I ask because HID wants to get me a golf gift for my birthday.
I've ruled out the power-trolley (sorry, but I'm moving the date of no-return to aged 45 now!) and other than a pink chipper or £700 set of C/F irons, I'm lost for ideas.
If I started on a Monday (say), had a lesson, practised hard, played a few, then did it again the next day (and so on), would I get anywhere or would it be a no-point-doing-another-lesson-cause-it's-not-working yet waste of time?

I fancy making the course where I'm having the lessons my base and spending dawn 'till dusk doing the full swing stuff and sorting out my short game? It wouldn't be my home course either b.t.w.
 
I have no idea how that would work. Would love to try it though.

I am planning six / one a month. Starting in the next week.
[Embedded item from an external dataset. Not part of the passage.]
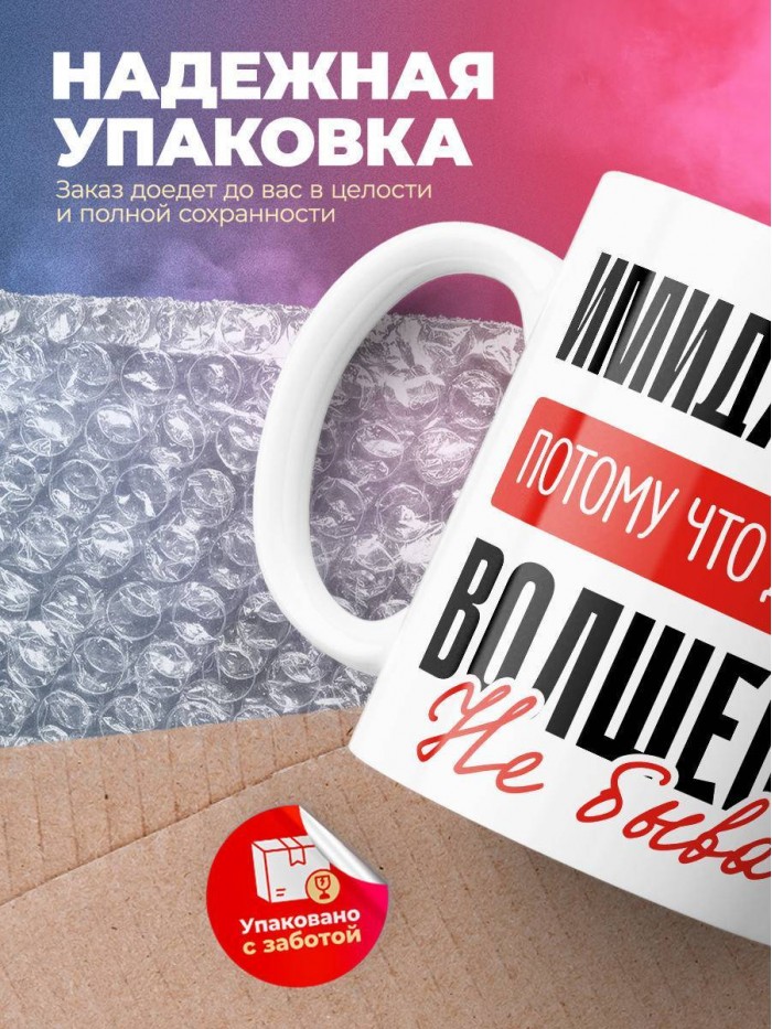 Кружка изготовлена из качественной керамики. Это обеспечивает долгий срок службы продукта. Прочный материал кружки выдерживает физические воздействия. Ее легко можно брать с собой в путешествие, без страха возникновения повреждений. Она удобна в использовании и легко моется. Покрытие кружки выдерживает мытье с применением бытовой химии любого типа. Белый цвет бокала идеально сочетается с принтами. Это делает ее универсальным подарком к празднику для людей всех возрастов и полов. При заказе можно выбрать вариант, который больше подойдет для определенного клиента.

See what others think..I mit have them a bit closer together if it would help.
 
I recently spent a very enjoyable 4 hours with a certain fireman on here. Golfing. :eek:
We spent 2 hours on the range, followed by video analysis and coffee, finishing with a few holes playing lesson. I think he learned something from it but that's for him to say.
I think if you try and change too much, you'll end up changing nothing.
Buy a package of say 6 lessons and see if your pro will throw in a free playing lesson at the end.
 
Don't know how effective that would be Dave. Last year I had six lessons over about a month and it was fitting in the required amount of practice between lessons that was the hard part.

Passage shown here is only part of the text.